Le fleuve était plus étroit ici, beaucoup plus étroit qu’il ne l’était au camp d’où ils étaient partis. Le courant était fort, les eaux étincelaient au soleil, se précipitant entre de hautes falaises, glissant vers une chute invisible.
Derrière eux se dressait l’édifice évasé du Projet – mince rouleau de métal noir qui semblait à la fois massif par ses dimensions mêmes et pourtant si fragile qu’on se demandait s’il ne flottait pas dans la brise.
— Est-ce que tu as eu la même pensée que moi ? demanda John à Jason.

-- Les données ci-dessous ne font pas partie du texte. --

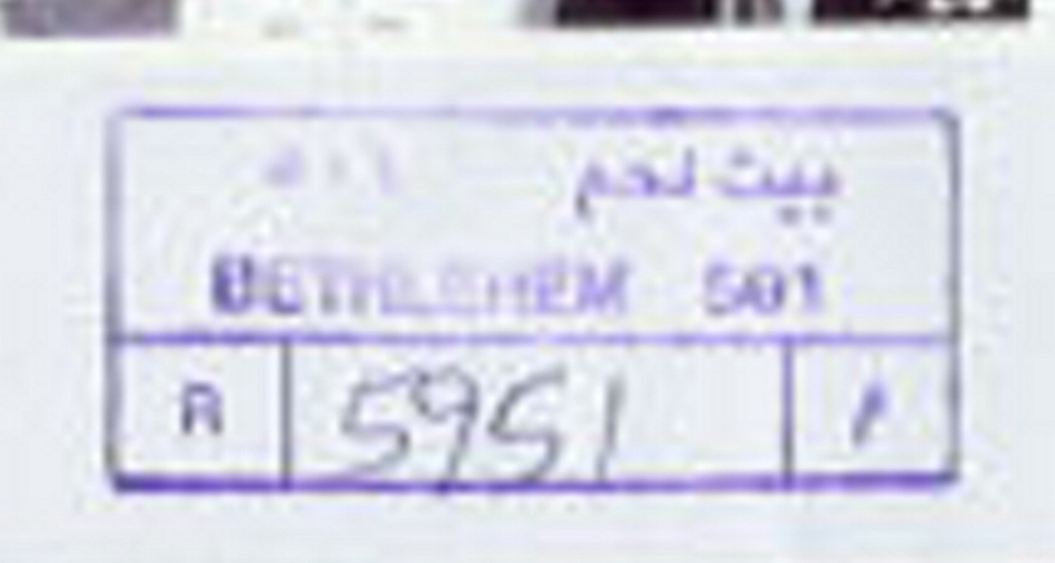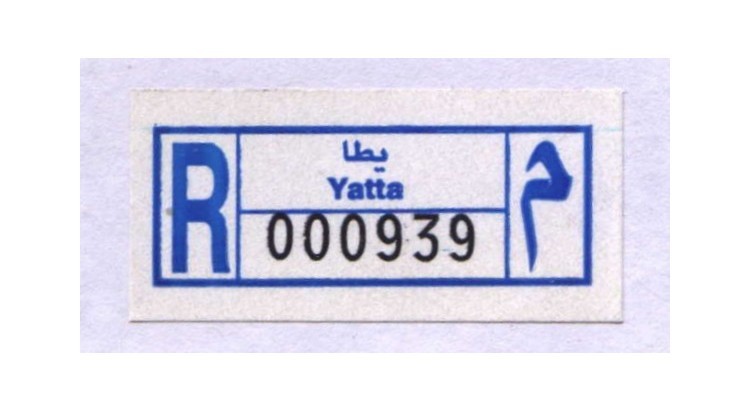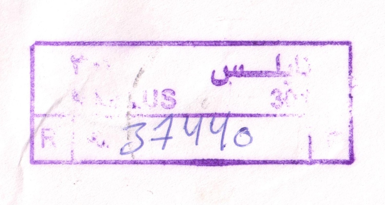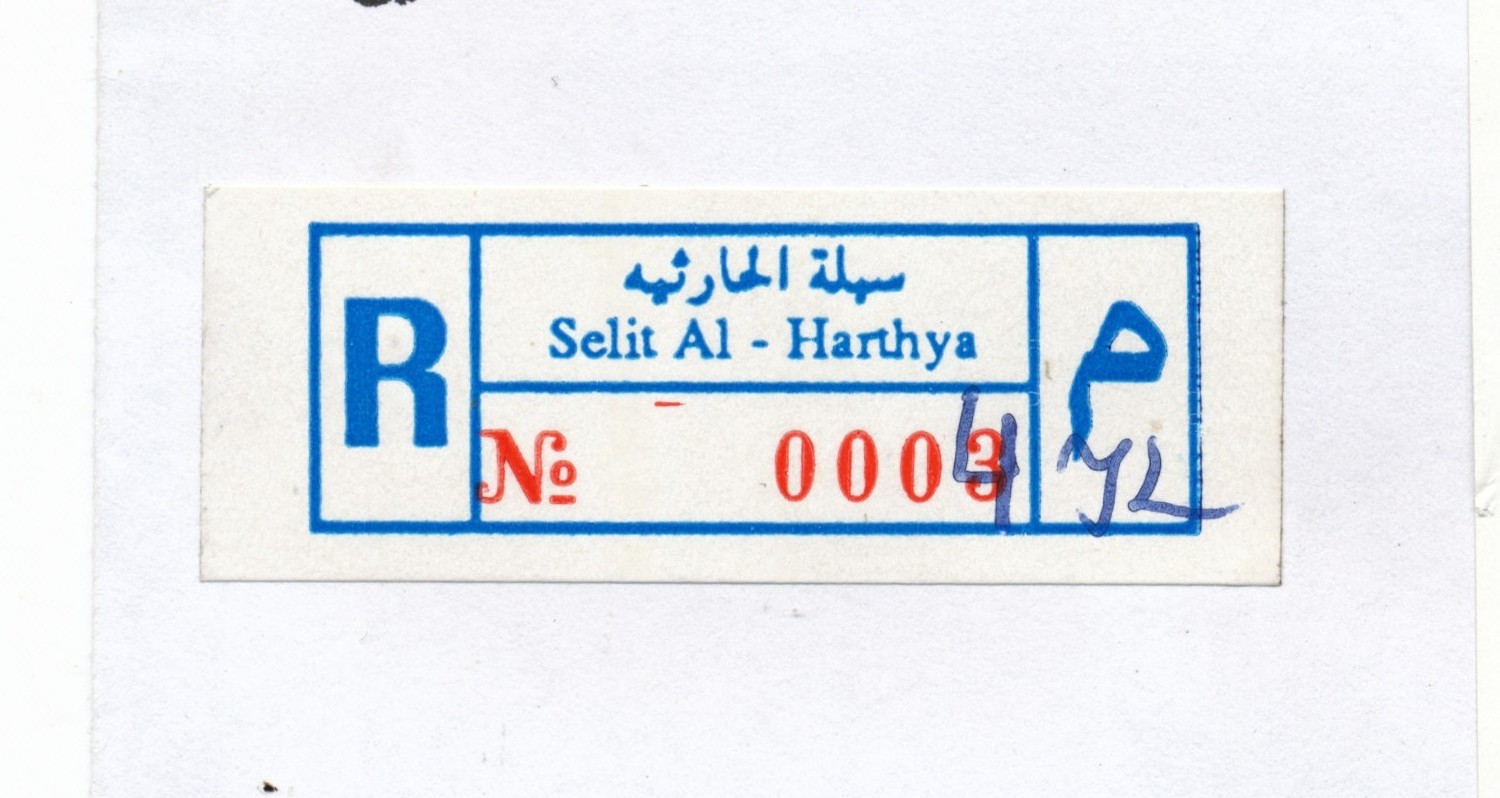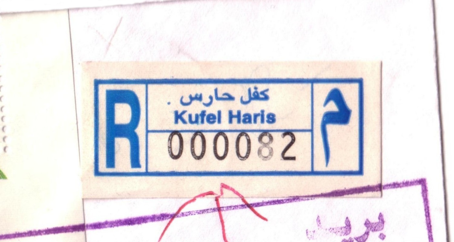 During 2012 the new North Valleys office at Ein-el-Beida used photocopied B4-like strips, marked manually (type B5). In Gaza, the old labels of types B1 and B2x remained in use. After the 2008/2009 Israeli attack on Gaza, labels from damaged offices are used in offices still operating or after re-opening.

— Tu veux dire à propos de ce avec quoi peut bien parler le Projet ?
— C’est cela, dit John. Crois-tu que ce soit possible ? Est-ce qu’un super-robot, ou un ordinateur très perfectionné, ou quoi que soit cette chose là-haut, pourrait entrer en contact avec le Principe ?
— Peut-être ne fait-il que l’écouter, qu’en avoir conscience ?
Peut-être en tire-t-il des informations ? Il ne parle peut-être pas vraiment avec lui.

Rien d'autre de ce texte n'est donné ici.